- _Your assignment_:
Print nothing but the lines below starting at the line that holds "Fächerschrank, BxTxH 300x500x1850" and ending at the line that holds "Диаметр хвостовика должен", including both, each exactly as written.

- _Material shown_:
--- --- ---
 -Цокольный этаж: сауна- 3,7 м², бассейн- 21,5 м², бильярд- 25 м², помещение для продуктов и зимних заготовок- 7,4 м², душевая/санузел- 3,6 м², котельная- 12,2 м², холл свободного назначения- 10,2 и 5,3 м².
--- --- ---
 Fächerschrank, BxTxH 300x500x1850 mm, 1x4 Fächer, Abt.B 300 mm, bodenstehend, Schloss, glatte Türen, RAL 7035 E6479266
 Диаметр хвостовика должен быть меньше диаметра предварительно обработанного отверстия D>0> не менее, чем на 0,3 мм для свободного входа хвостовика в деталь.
--- --- ---
- _Written answer_:
 Fächerschrank, BxTxH 300x500x1850 mm, 1x4 Fächer, Abt.B 300 mm, bodenstehend, Schloss, glatte Türen, RAL 7035 E6479266
 Диаметр хвостовика должен быть меньше диаметра предварительно обработанного отверстия D>0> не менее, чем на 0,3 мм для свободного входа хвостовика в деталь.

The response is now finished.